12. The method according to claim 9, the microprocessor including a program execution facility of a multithread system, further comprising:

obtaining an offset value to set a start of a register number used by a thread unit module among register banks included in the register file;

creating instruction code offset data in which the offset value is set for each type of instruction format; and

executing processing of converting all instruction codes included in the threat unit module into program codes by using the instruction code offset data.

13. An apparatus, comprising:

a memory which stores a program;

a compiler which adds register information for allocating a context register based on a context switching point to an object file when the object file constituted of object codes is created from a source program including the context switching point; and

a register allocation unit which obtains the register information from the object file generated by the compiler, and allocates a register area used as the context register to an empty area of the memory means based on the register information.

14. The apparatus according to claim 13, wherein:

the compiler includes a phase of executing normal compiler processing and a phase of executing register allocation processing, and

generates a sum of registers holding valid data at the context switching point as the register information in the phase of executing the register allocation processing.

15. The apparatus according to claim 13, wherein the register allocation unit is included in a program loader which loads the object file generated by the compiler into the memory.
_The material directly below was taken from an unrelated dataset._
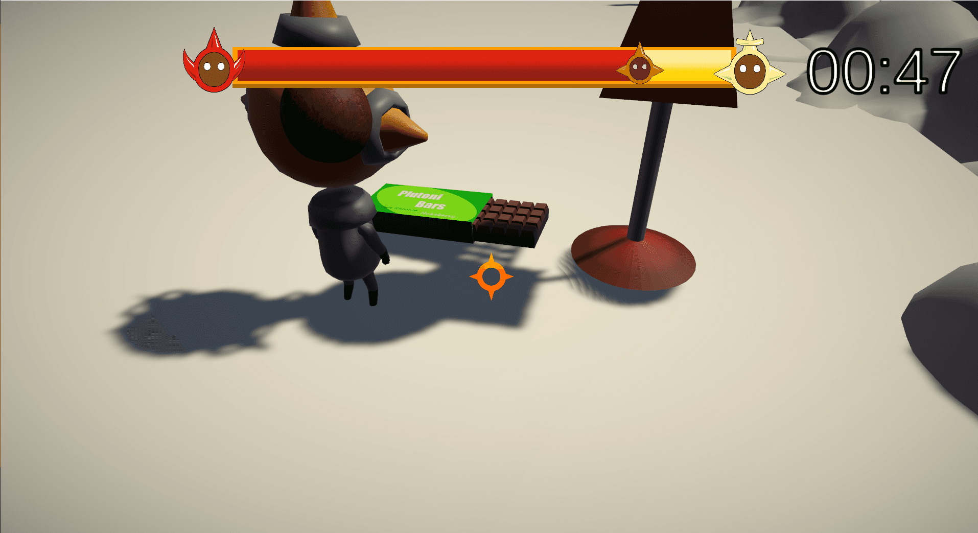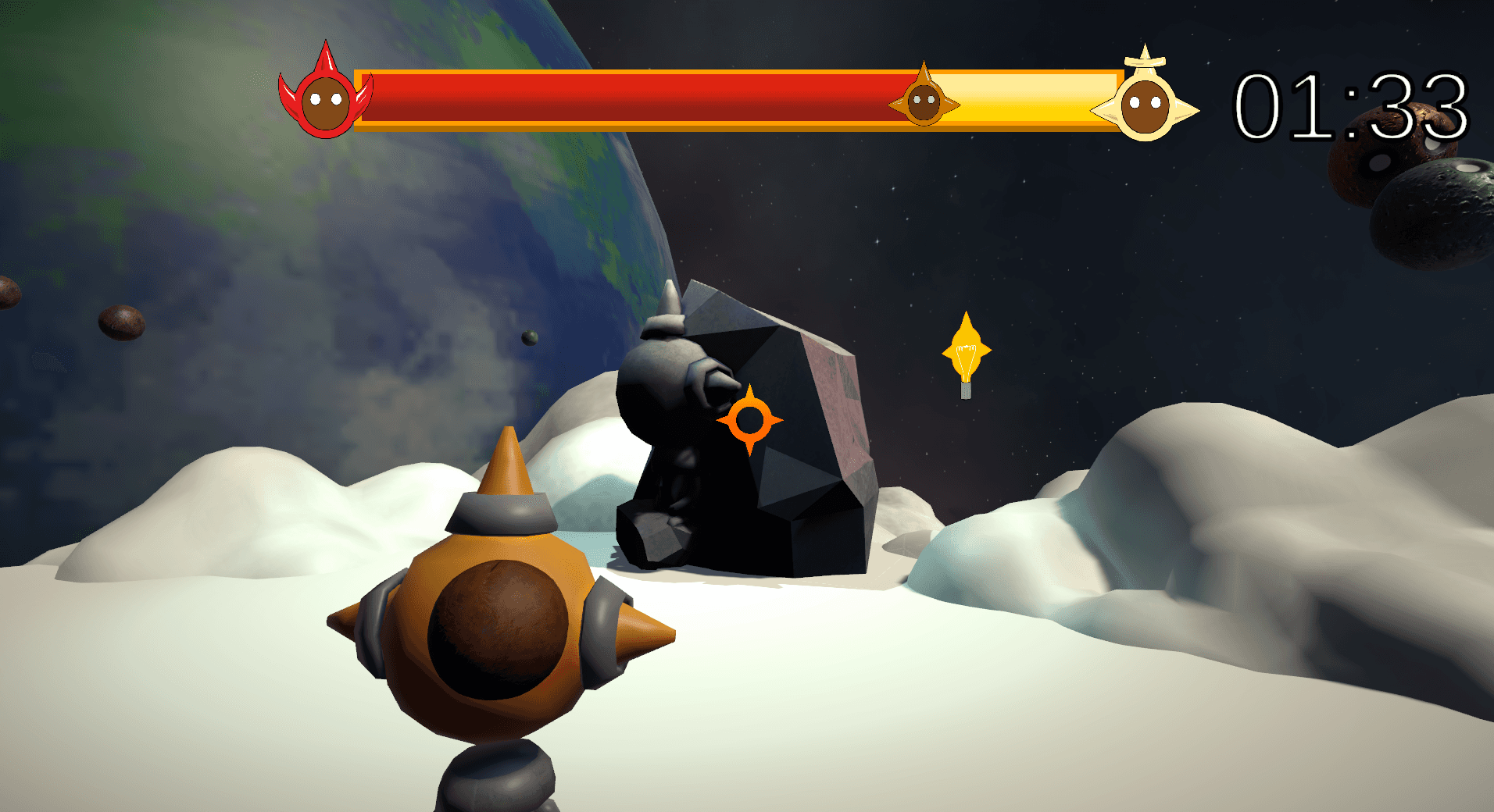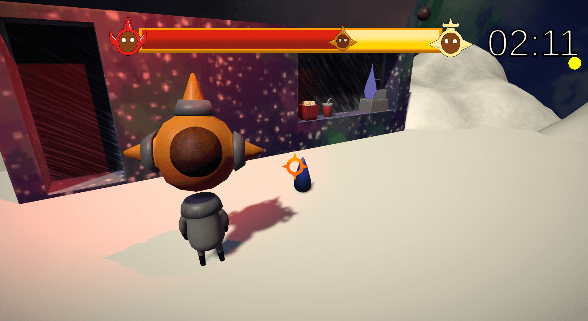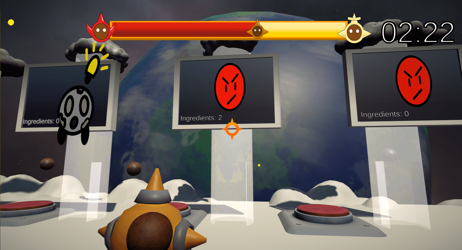 A 3rd person game, where the players objective is to keep the balance of Earth in check by granting wishes for the populace, using resources around their work station.

16. The apparatus according to claim 13, wherein the register information includes information indicating the context switching point, a maximum value of a register number indicating a range of a register area used as the context register, and a minimum value of the register number.

17. The apparatus according to claim 13, wherein:

the compiler compiles a thread object of a thread unit from the source program, and

the register allocation unit is included in a thread library which executes the thread object generated by the compiler.

18. The apparatus according to claim 13, wherein the register allocation unit secures an empty memory area equivalent to a range of a register area used as the context register in the memory by using table information prepared in the memory to manage a register use situation.

19. The apparatus according to claim 13, wherein the compiler records a register used as the context register and a register used for the other purpose separately in the object file.

20. A method of program execution for a microprocessor which comprises a memory to store an object file prepared by compiling a source program, and a register file to secure a group of registers necessary for an execution unit module of the object file, the method comprising:

adding register information for allocating a register used as a context register based on a context switching point to the object file when the object file constituted of object codes is generated from the source program including the context switching point;

loading the object file into the memory means; and

obtaining the register information from the object file loaded into the memory, and allocating a register area used as the context register based on the register information to the register file.